Now, in the proposition, an amount computer can find one of the stylish results every time it runs.

still, in reality, there are crimes when running several computers. So, rather than changing the stylish result, it might find the alternate-stylish result, the third-stylish result, and so on.

These crimes come more prominent as the problem becomes more and more complex.

So, in practice, you’ll presumably want to run the same operation on an amount of computers dozens of times or hundreds of times.
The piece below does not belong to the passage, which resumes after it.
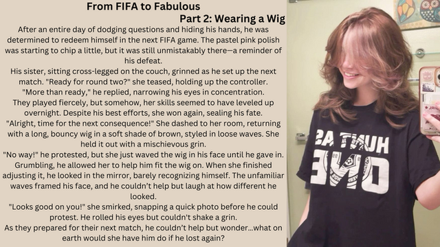 Lost a bet to ProperlyPinkTg when we both entered a competition hosted by CourtneyCaptisa. Guess I should be happy that all I had to do was make her a story. Could have been worse, I could be in a skirt now.Related content

Also, pick the stylish result out of the numerous results you get.

How several computer scales Indeed with the crimes I mentioned, the number of computers doesn’t have the same scaling issue a regular computer suffers from.

When there are 3 people we need to divide into two buses, the number of operations we need to perform on an amount computer is 1. This is because an amount computer computes the score of all configurations at the same time.

When there are 4 people, the number of operations is still 1.

When there are 100 people, the number of operations is still 1. With a single operation, an amount computer computes the scores of all 2 ¹⁰⁰

= 10 ³⁰ = one million configurations at the same time.

As I mentioned before, in practice, it’s presumably stylish to run your amount computer dozens of times or hundreds of times and pick the stylish result out of the numerous results you get.

still, it’s much better than running the same problem on a regular computer and having to repeat the same type of calculation one million times.

belting up

D- Wave lately launched a pall terrain for interacting with several computers.

still, it’s presumably the easiest way to do so, If you’re an investor and would like actually to try using the amount computer.